March 28, 2018

VTT grows birch cell cultures useful in cosmetics

VTT grew three different cell lines during experiments, two red and one green.
VTT grew three different cell lines during experiments, two red and one green.
VTT

VTT Technical Research Centre of Finland has developed a new method to produce cell cultures from birch leaves and seeds, with useful qualities for the cosmetics industry.

VTT used cell culture technology, an environmentally-friendly production method, to grow birch cell cultures that can produce pigments, and various amino and fatty acids important for the skin.

Due to their composition, they also have antioxidant and antimicrobial properties that can improve preservation of products and inhibit the growth of harmful microbes on the skin.

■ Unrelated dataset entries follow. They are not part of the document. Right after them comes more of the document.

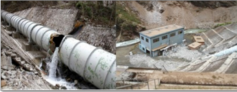
Figure 1: Damaged penstock pipe of Bhote Koshi hydropower plant (left) and Powerhouse submerged in soil and access roads blocked by landslides (right).

downtime of the plant. Consequently, it also causes hardship on the daily life of people who depend on that power plant.
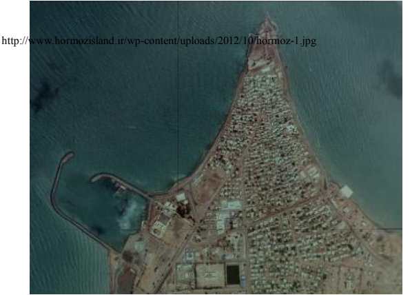
Figure 11:urban tissue of Hormoz Island

Historical places and spectacular centers of this island include Portuguese Fortress located in the city which was constructed in Hormoz Island after domination of Albuquerque, poerogese admiral in 1507 at time of kingship of Shah Esmaeil Safavi and sovereignty of Seifoddin, a young king, Tolombeh Khaneh Park with area of 4000 sq meters and Marine Environment Research Center located in 8 km of southeast of Hormoz city, ruins of old school, ruin of old Hormoz city in north of the island near Portuguese Fortress, Bibigol Castle , Soorat Castle , Saffron House, Tirandaz Tower, Naghoos Tower, Hazrat Khidr Shrine and Tombstones.
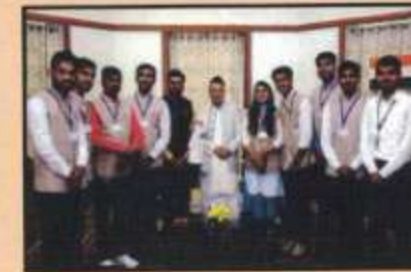
Interaction with Hon'ble Governor of Maharashtra Shri Bhagat Singh Koshiyari
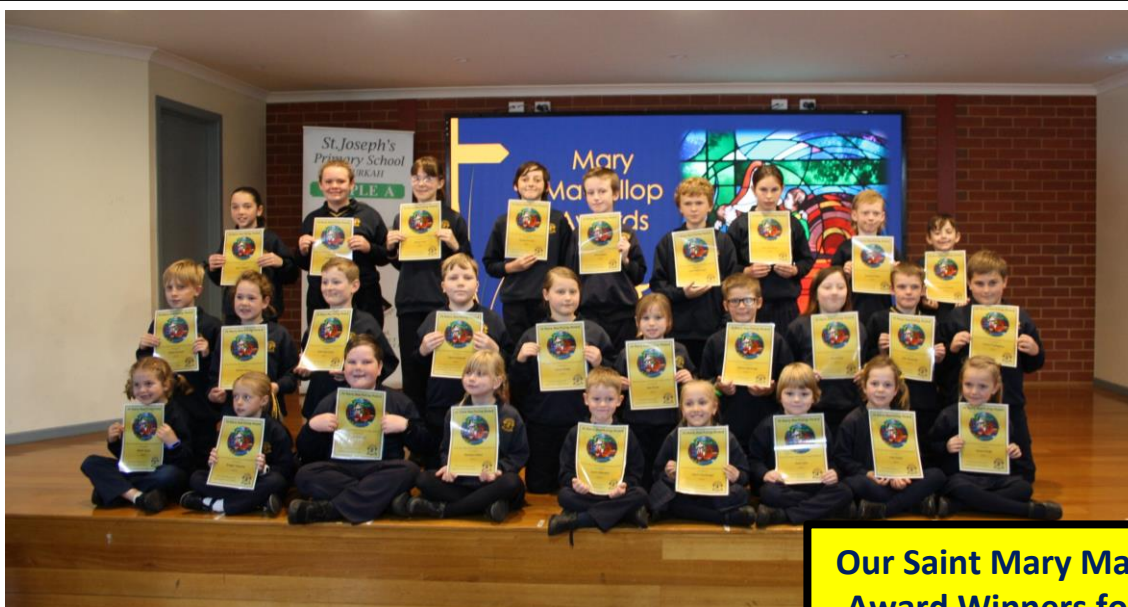
Our Saint Mary MacKillop Award Winners for 2022

I can hardly think of a more meaningful and powerful day of activities for our children !
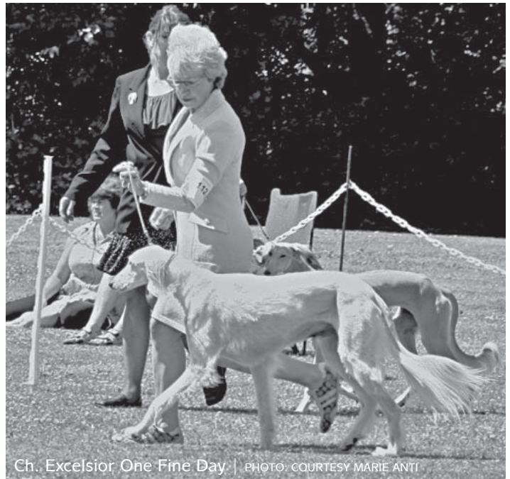
Ch. Excelsior One Fine Day
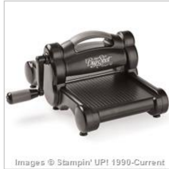
Big Shot 143263
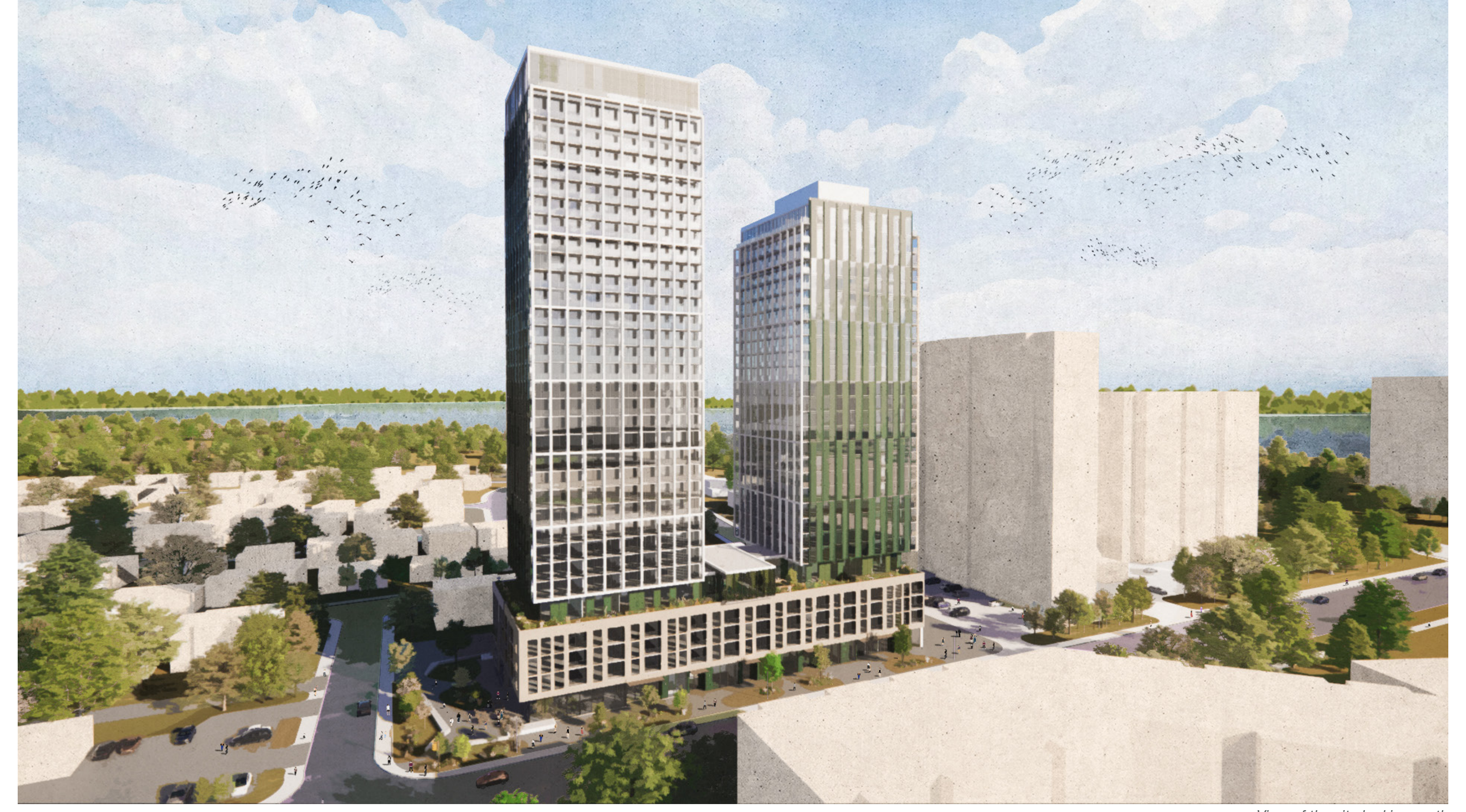
View of the site looking north
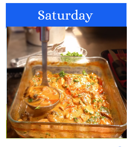
PORK & MUSHROOM STROGANOFF OR
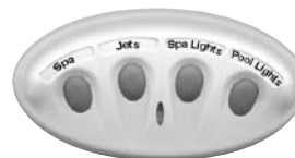
iS4 Remote Control
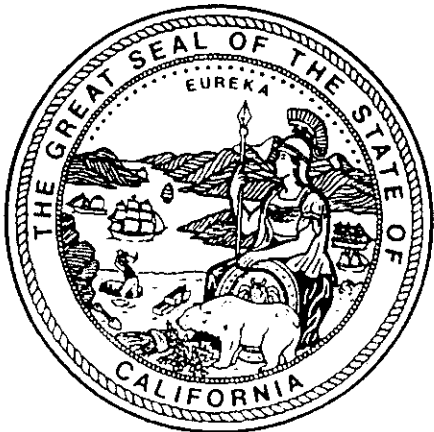
BRUCE McPHERSON Secretary of State

IN WITNESS WHEREOF, I execute this certificate and affix the Great Seal of the State of California this day of May 16, 2005 .
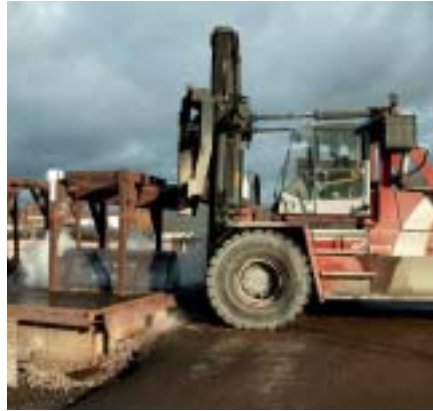
Kalmar's own fork-fitting system means that forks and attachments can quickly and easily be replaced by the machine operator.
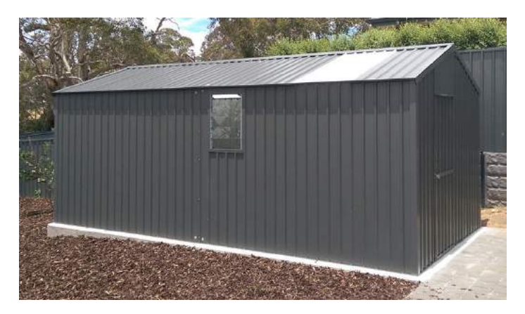
Skylight & window are not standard, see pg 13-14 for pricing

“Cell cultures provide an opportunity to utilise wood material in a new way,” says Riitta Puupponen-Pimiä, principal scientist at VTT. “By natural means, we can obtain compounds that have not traditionally been associated with birch, such as anthocyanin pigments which belong to the group of red polyphenols.”

The research centre first used birch cell cultures in plant biotechnology research more than 20 years ago. Since then, it has stored them in the VTT Culture Collection, an international bioresource centre. The idea to use them for cosmetics stemmed from VTT’s Innovative Business from Emerging Technologies Programme.